Many on this forum will disagree with me about versatility. I personally think that machinery should be very simple and single purpose. I also favor machinery that is right sized for its purpose. I currently have an SCM shaper with a 48" footprint. This seems kind of excessive to me when the majority of my cope cuts are only five inches long. Building your own machinery is a pain but after you learn who the creative machinists are I think the process will become easier.
The majority of woodworking operations consist of simply clamping something into position, rotating a cutterhead then applying linear motion. Where it gets complicated is when you try to make these machines too versatile.
My coping shaper, for example, has a split fence system, the ability to raise or lower the spindle and the ability to change the belt speed. This would all be great if I was doing custom millwork but I'm just coping doors. I don't use the fence, I have never changed belt speeds and the arbor never changes height. I use stacked cutterheads and simply use interchangeable platform heights to move from one profile to another. This shaper sells for about $12000 new and requires far more footprint than is needed to do the job elegantly. The components for the machine, not including the frame, are probably about $2000. I can, for example, buy a 1 1/4 inch arbor quill off the shelf for under $300. One of the reasons I am fascinated with this project is that I have about a half dozen machines I have wanted to build that all involve shaper arbors.
For example: We build most of our drawers with pocket screw construction and rabbeted 1/2 inch plywood bottoms. We use a Castle drill for cutting the pockets but the grooving and rabbeting is done with yet another table saw and another shaper. Because of the layout of our shop these machines both require their own dust collection. This is an incredible footprint intrinsically but also requires a lot of cart management and real estate to navigate these carts.
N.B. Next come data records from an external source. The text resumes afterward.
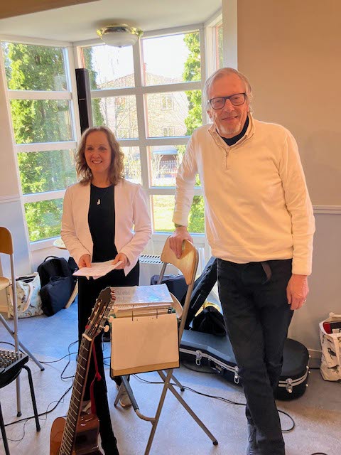 Då vi ätit färdigt och kört en snabb avdukning, hälsades dagens underhållare varmt välkomna. Göran Bjarnegård och Carina Johansson bildar duon ”Pastorn och Dödgrävar´n”. Göran spelade gitarr och de sjöng finstämt tillsammans. Många sånger sjöngs med ”glimten i ögat”. De hade skojat till texterna på en del kända låtar. Det var, som exempel, en del Povel Ramel men också Magnus och Brasse, Towa Carsson och Håkan Hellström. Det blev också lite allsång med klurig text. Carina och Göran sjöng fint, spred glädje och fick varma applåder och varsin vårbukett..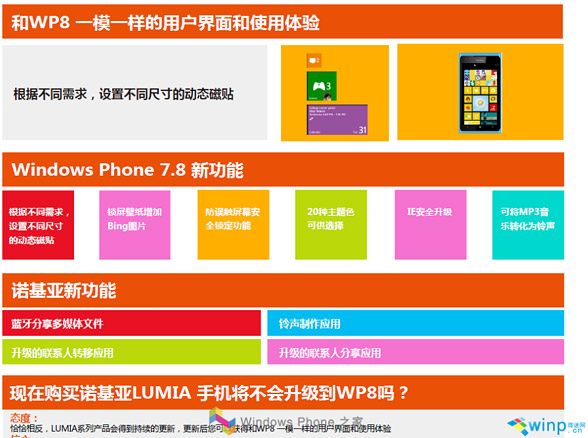 Лишним свидетельством ведущейся Microsoft и ее партнерами тщательной подготовки к предстоящему релизу Windows Phone 7.8 стали утекшие в сеть внутренние обучающие материалы Nokia, раскрывающие некоторые дополнительные подробности о будущей ОС. В частности, подтвержден обещанный ранее стартовый экран как в Windows Phone 8 с “живыми плитками” разных размеров. Кроме того, экран блокировки можно будет изменять и настраивать по вкусу, а в браузере Internet Explorer улучшена безопасность.
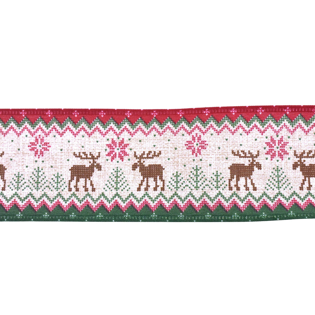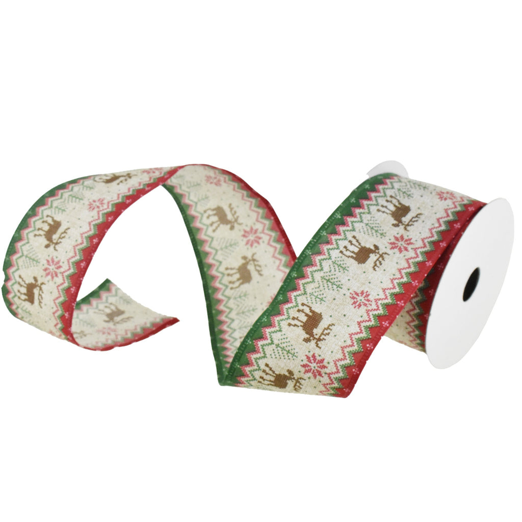 Christmas Reindeer Red/Green Wired Ribbon, 2-1/2-Inch, 10-Yard - Natural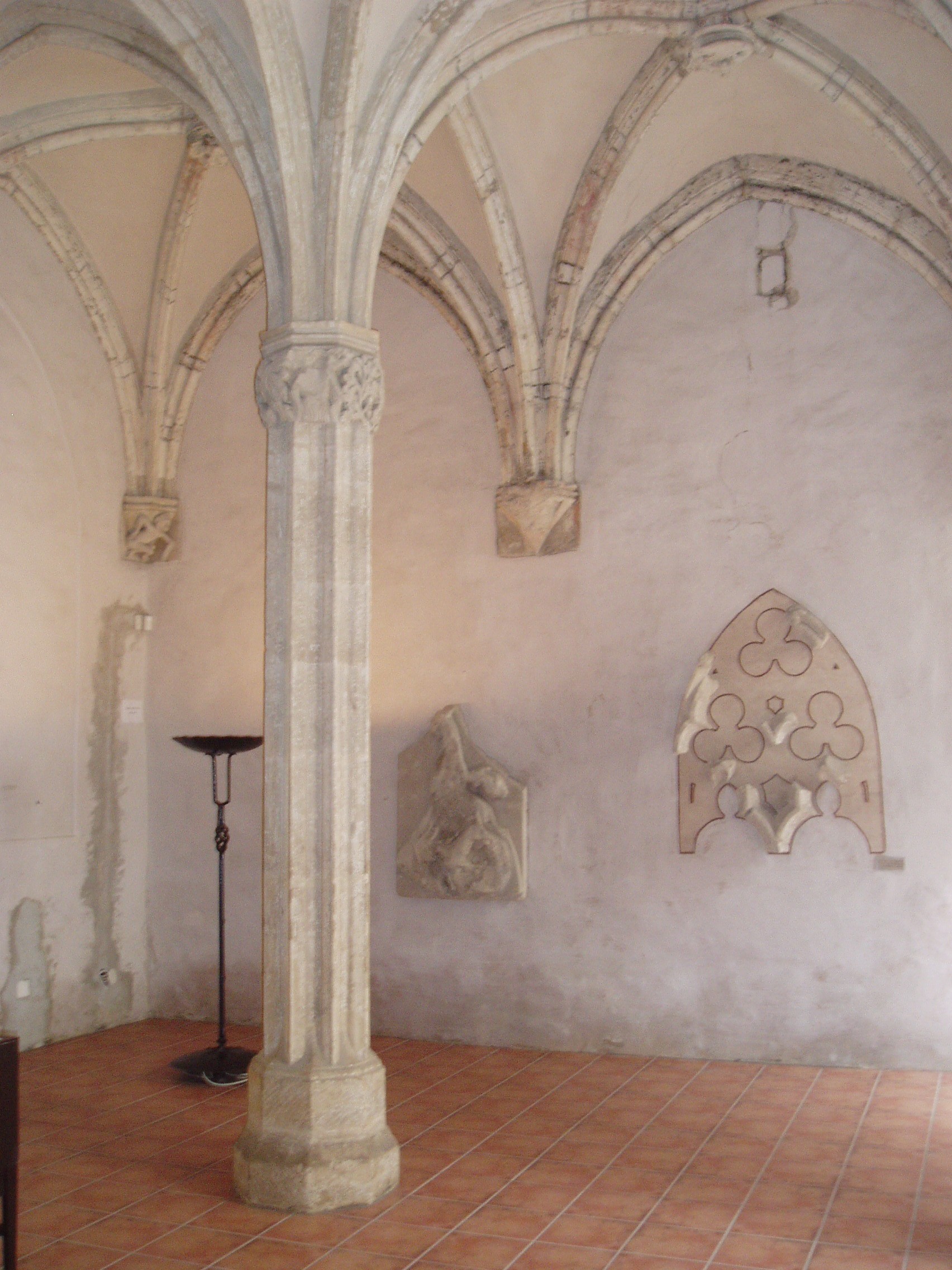 Nyilvános 829 | 1607 | Sopron, Fő tér: Kecske-templom - Káptalanterem | A Kecske–templomhoz a Templom utca felől kapcsolódik az egykori bencés rendház két udvart körülfogó, kétemeletes, nagy tömegű, de igénytelen külsejű épülete. A templommal együtt a ferencesek számára épült a XIV. században, majd 1802-ben a bencések kapták meg. E hajdani kolostor tartozéka a látogatók számára a templomból megközelíthető Káptalan–terem, Sopron város egyik legszebb gótikus műemléke. A háromhajós terem gótikus keresztboltozatait két karcsú nyolcszögletes pillér támasztja alá. A hajókhoz kelet felől egy–egy kápolnaszerű bővület csatlakozik, amelyeket pilléreken nyugvó csúcsíves árkád választ el a teremtől. A fénykép 2008 júniusában készült. Felh. irod.: Czellár Katalin: Sopron. 3. jav. kiad. Bp. Panoráma, 2000 |
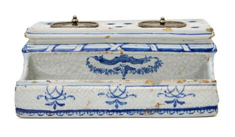 2545/266Svensk skrivetøj af fajance, dekoreret i blåt. Mærket Rörstrand og dateret 1754. Blæk- og sandhus af forsølvet metal.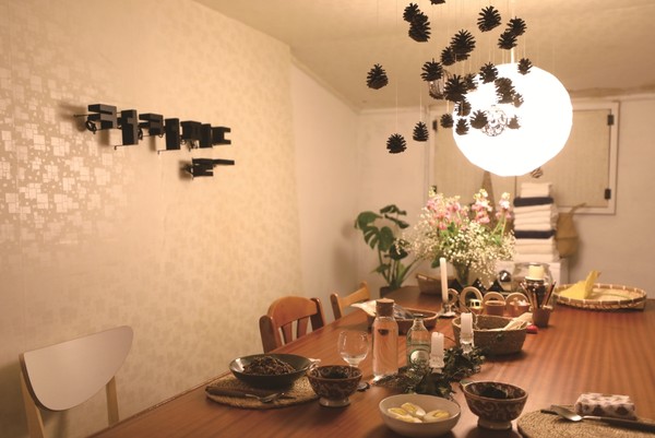 자연도 그에겐 훌륭한 오브제가 된다. 숲에서 모아온 솔방울, 솔가지로 다이닝룸을 꾸몄다. 커다란 식탁 위에서 저마다 존재를 뽐내고 있다.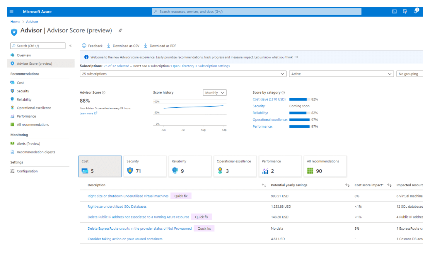 Prioritize recommendations from Azure Advisor using Azure Advisor Score. Assess how well you’re adopting Azure best practices, comparing and quantifying the impact of the Azure Advisor recommendations you’re already following with the ones you haven’t implemented yet. The gap analysis shows where to optimize your deployments by taking the most impactful actions first. Compare your evaluation with previous results to see changes over time, evaluate progress, and learn of new ways to optimize as they arise.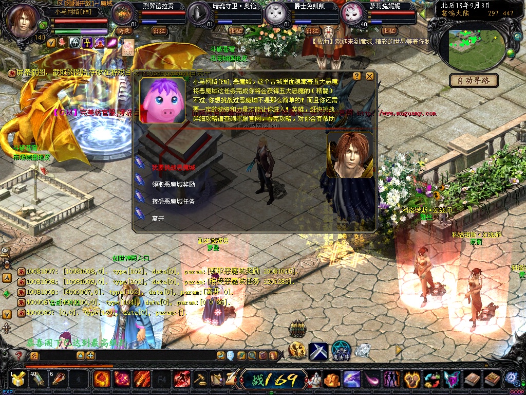 7: 加入恶魔城挑战本服重点推荐,难度极高,!可以组队进入寻宝,队长进入队员就自动进入的!奖励超高!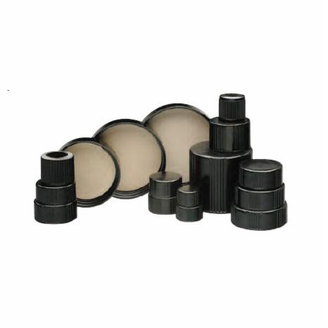 Screw Cap, 38-430 Closure Size, Black, Phenolic, Solid Top Closure Style, 14B Rubber Liner, Autoclavable, Nontoxic White Styrene-butadiene Rubber Liner Ideal for Cell Culture Work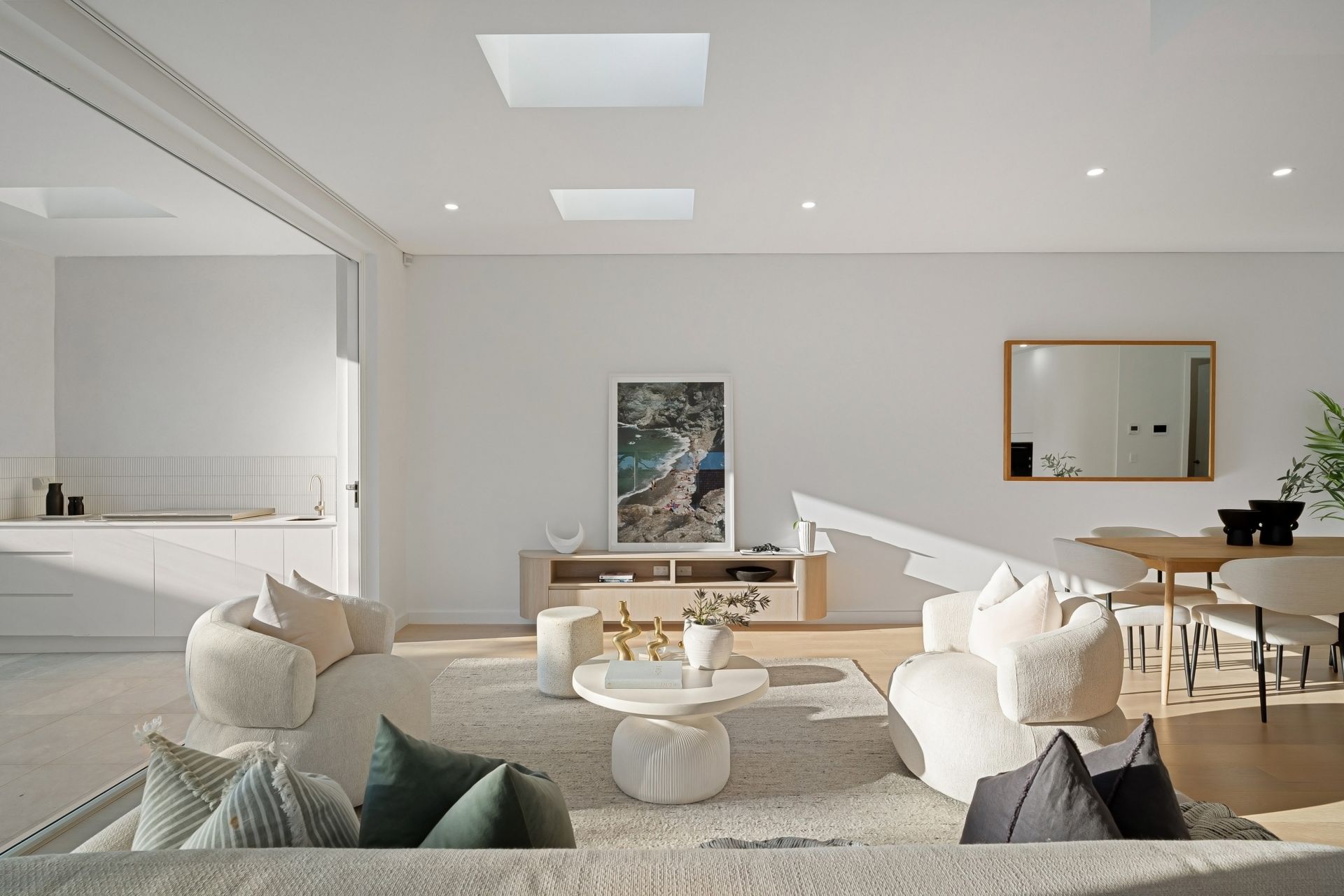 Light-filled interiors are enhanced by wide-plank Beach Oak timber flooring, while plush knot wool carpets bring warmth and refinement to the bedrooms. Four generously scaled bedrooms include a grand master suite with private ensuite and walk-in robe, while two expansive living areas cater to both family comfort and sophisticated entertaining.

Once these parts have been machined and collected together we still have to bring them to a bench and clamp them into position for inserting the screws. This is a lot of strokes. One machine I have designed will rabbet the plywood and groove the drawer sides yet only require an additional three inches of footprint beyond the bench that you do the actual assembly on. There's no travel time involved with this approach. With a few more strokes this bench can have an integral clamp for holding the parts together while you screw them. This can work in a factory setting or can roll under your outfeed table if you don't have the space to have a dedicated work station.
I have a half dozen of these machines that are all very inexpensive and perfect for a company that believes in Lean manufacturing. The first couple of machines will take a few more strokes but after you learn who to do business with the rest are really easy. I'll use the guys across the street to develop the prototype then I plan to shop the machine to Castle Machinery. They already have the lawyers on staff and the technological know-how to bring this to market. My role is just the idea.
If I understand correctly you size the door to the opening with the slider then want to take off a millimeter or so all the way around for clearance? If that is the case the simplest low tech method would be to use the shaper with a split fence and feeder. I had a couple old cabinet doors and set the shaper up to remove 1mm using an 80mm diameter Oertli spiral insert head we use for pattern shaping. I did half the fir door conventional cutting and the alder door climb cutting. You can see the chipping from the leading edge of climb cutting. The end grain cuts I did yesterday were better with the larger diameter rebate cutter. The spiral insert leaves faint lines but they disappear with a little sanding. This is interesting with the end grain being cleaner with climb cutting. With a hand router it usually pulls the end grain with a climb cut - must be the larger diameter. We normally don't do any climb cutting with the shaper but removing only 1 mm is not too dangerous.